Stored entries
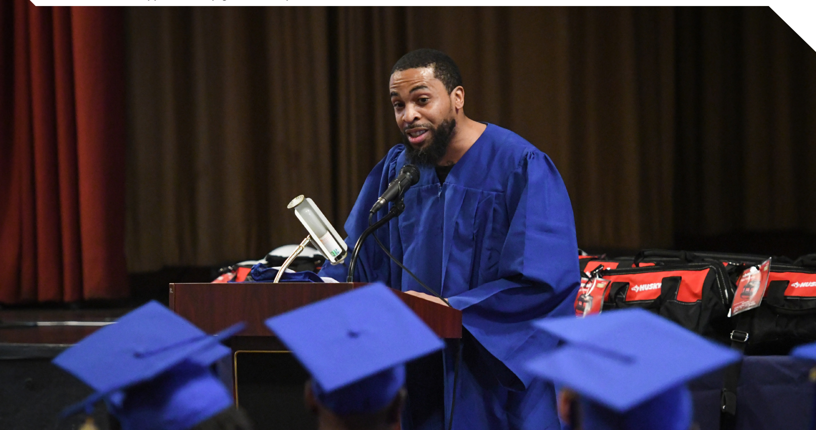
Pathways to Apprenticeship graduation speech

First, one cannot understate how vital financial services are for apprenticeship readiness programs. It is incredibly difficult for low-income individuals to commit to several weeks of training and site visits without some form of financial aid. Programs usually offer stipends, travel vouchers, and the costs associated with starting an apprenticeship (like a basic
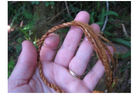
Cedar bark ( Thuja plicata) used for twine. 2009.
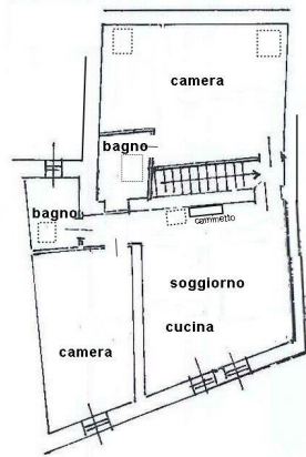
PIANO TERZO ipotesi di modifica
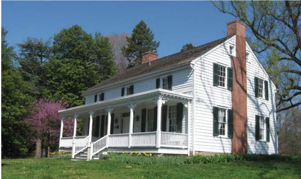
[15] (a) Cherry Hill House and Farm (c. 1845) in Falls Church, VA, was the site of encampments during the Civil War. Outbuildings on the property, such as the corn crib (b) in the foreground which was the source of provisions for the soldiers, are important in interpreting its role during the war.
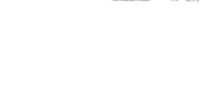
MASTER PLAN GROUND FLOOR
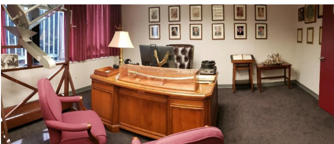
General Hershey's desk while Director of SSS.
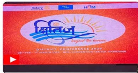
II District Conference 2026 II - 28-02-2026
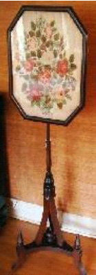
Lot # 286
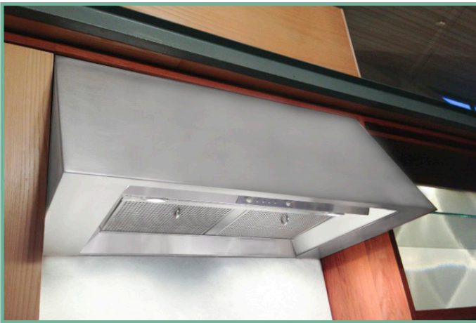
Stainless Steel Hood Vent

Our job is to turn your design dreams into reality with handcrafted pieces custom designed to your specifications. Here's a look at some other completed residential projects:
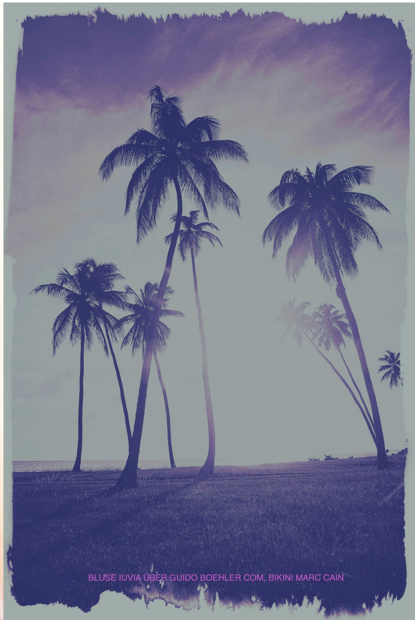
BLUSE IUVIA ÜBER GUIDO BOEHLER COM, BIKINI MARG CAIN
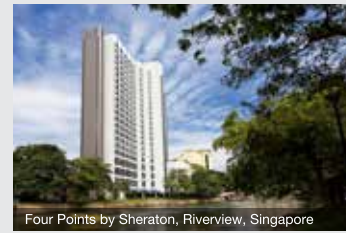
Four Points by Sheraton, Riverview, Singapore
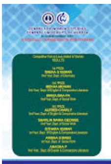
Winners - NCW Competition.JPG 2087K
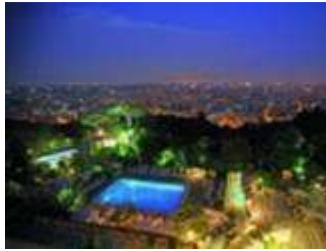
The wonderful panorama from the Rome Cavalieri - the conference venue of FIG Working Week 2012
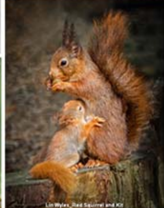
Lin Wyles_Red Squirrel and Kit

TASK ITEM –
Pictures are to be left out while the lines from the beginning of the records through the line with "PIANO TERZO ipotesi di modifica" are copied word for word.

ANSWER –
Pathways to Apprenticeship graduation speech

First, one cannot understate how vital financial services are for apprenticeship readiness programs. It is incredibly difficult for low-income individuals to commit to several weeks of training and site visits without some form of financial aid. Programs usually offer stipends, travel vouchers, and the costs associated with starting an apprenticeship (like a basic
Cedar bark ( Thuja plicata) used for twine. 2009.
PIANO TERZO ipotesi di modifica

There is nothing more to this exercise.